Il governo serbo ha la rigettato la bozza di accordo per la normalizzazione dei rapporti con il Kosovo proposta dall'Alto rappresentante UE per gli Affari Esteri Catherine Ashton, chiedendo però l'immediata riapertura del processo negoziale con Pristina. Il servizio di Francesco Martino per il Gr di Radio Capodistria [8 aprile 2013]
E' stato un voto all'unanimità quello con cui, ieri sera, l'esecutivo serbo guidato da Ivica Dacic ha detto “no” al possibile accordo col Kosovo tessuto in questi mesi dalla diplomazia dell'Unione europea.
“Non possiamo accettare le soluzioni offerte, perché non garantiscono i diritti umani e la sicurezza dei Serbi che vivono in Kosovo”, ha dichiarato Dacic durante la seduta del governo di Belgrado. Per poi aggiungere: “Un'intesa di questo genere non è applicabile, e non porterebbe ad una soluzione finale e duratura”. Principale pomo della discordia resta il Kosovo del nord, a maggioranza serba, cui Belgrado vorrebbe garantire larga autonomia.

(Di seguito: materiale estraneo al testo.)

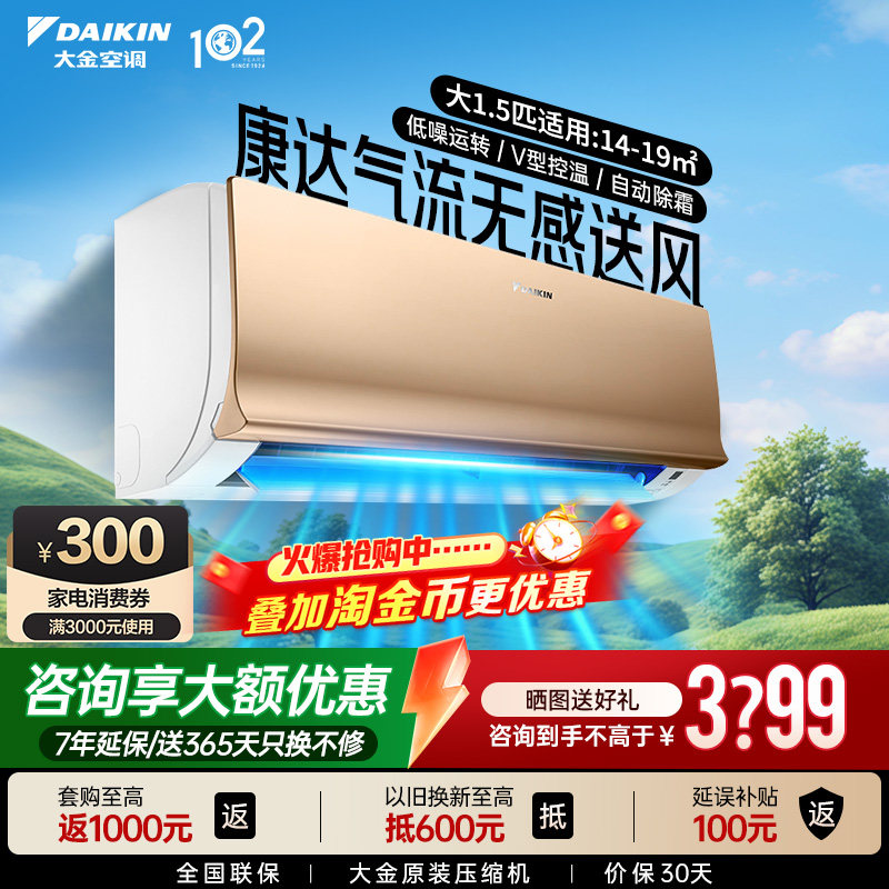 大金空调官旗大1.5匹变频康达气流家用冷暖挂机S336金色E-MAX7
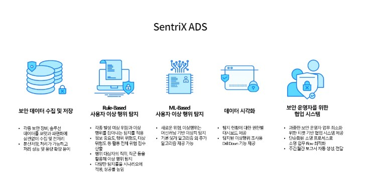 SentriX ADS(Anomaly Detection System)는 오랜 시간 국내 주요 기업과 기관의 보안을 책임진 가이온이 그 경험과 노하우를 기반으로 다양한 시나리오를 가지고 인공지능 머신러닝 기술을 접목시켜 각종 보안사고를 예방하는 시스템입니다.
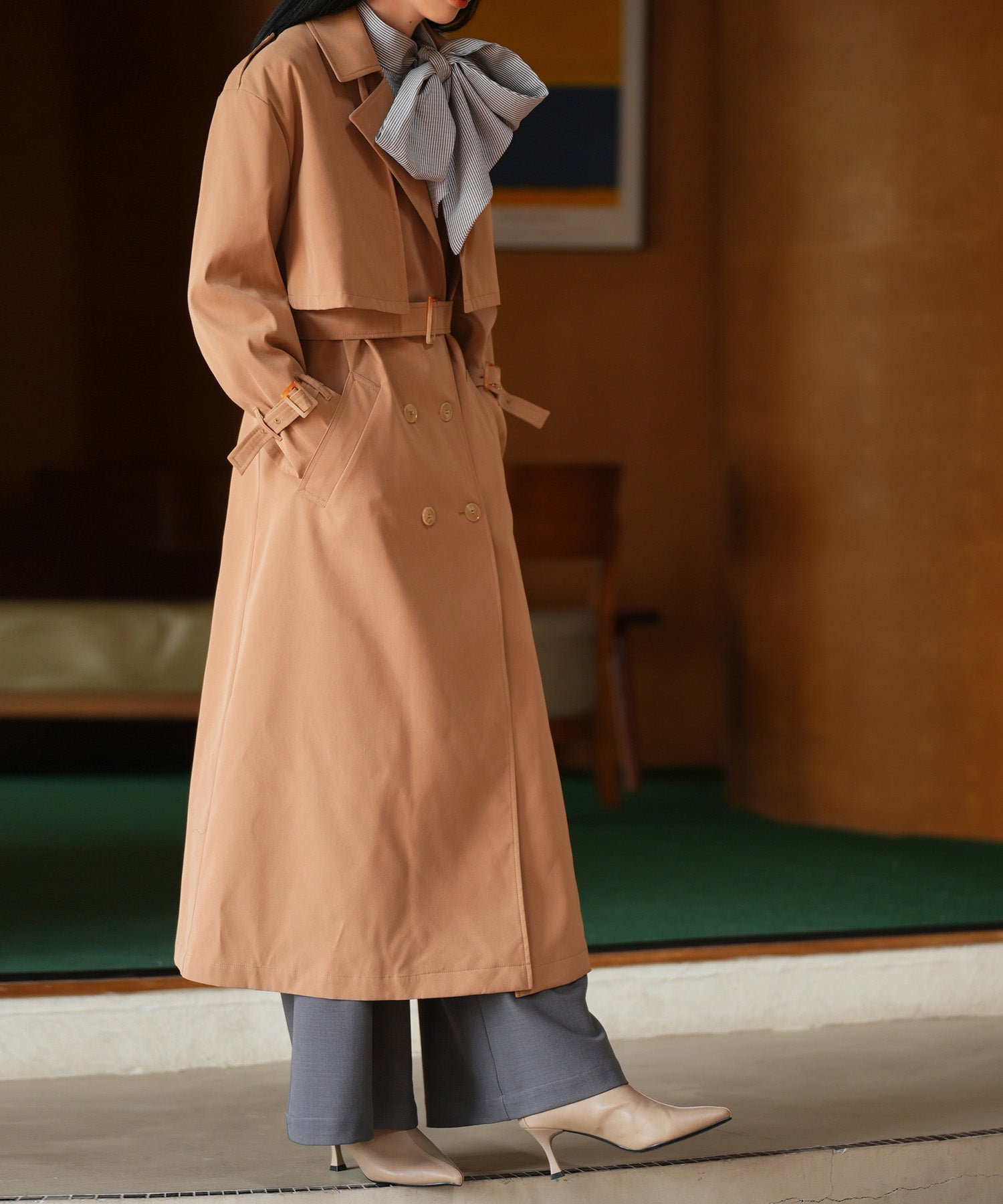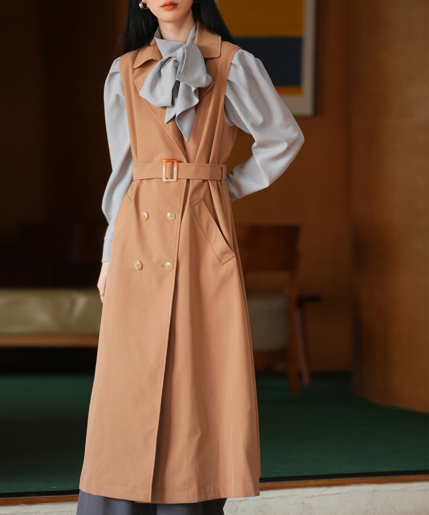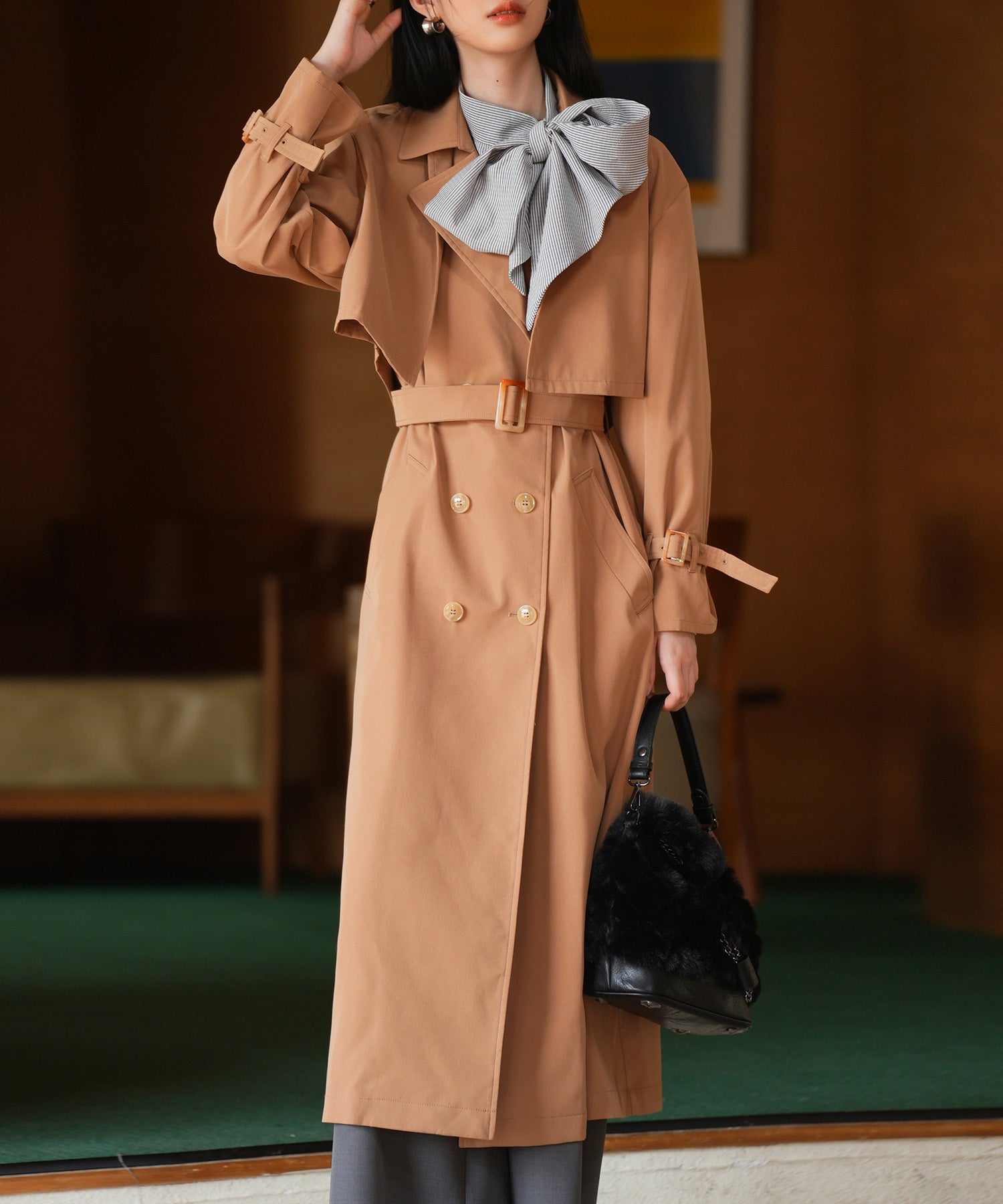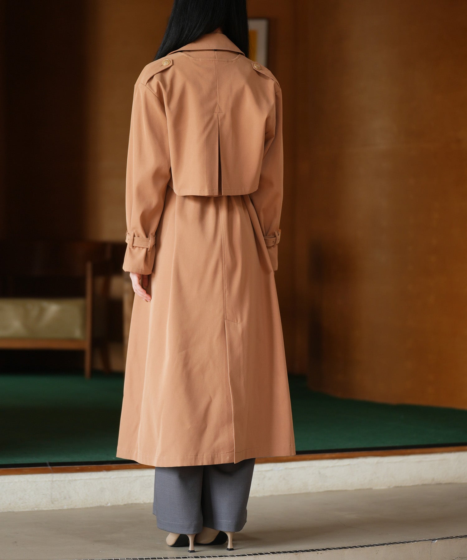 ショート丈ジャケットやベストでも着用可能な大人きれいな2点セットトレンチコートです。

Dacic ha però chiesto la riapertura immediata del tavolo negoziale con Pristina, confermando la volontà della Serbia di giungere ad una soluzione di compromesso “attraverso mezzi pacifici”.
Alla notizia, l'Alto rappresentante Catherine Ashton ha espresso disappunto per il no di Belgrado. “Dopo otto round negoziali”, ha dichiarato la Ashton, “sono convinta che tutti gli elementi per giungere ad un accordo siano sul tavolo. Faccio appello alle parti per un ultimo sforzo che porti ad un'intesa, negli interessi di entrambi i popoli”. Voci deluse sono arrivate anche dal governo kosovaro.
Che l'accordo non si sarebbe fatto era apparso evidente dalla mattinata di ieri, quando il vice-premier Aleksandar Vucic, leader del Partito progressista, forza di maggioranza relativa in Serbia, si era espresso apertamente contro.
Ancora nessuna chiarezza sui prossimi sviluppi: con quale formula, come e quando verranno ripresi i negoziati. Nel frattempo, però, la speranza della Serbia di ottenere a breve da Bruxelles una data per l'apertura dei negoziati di adesione all'UE, si fa sempre più flebile.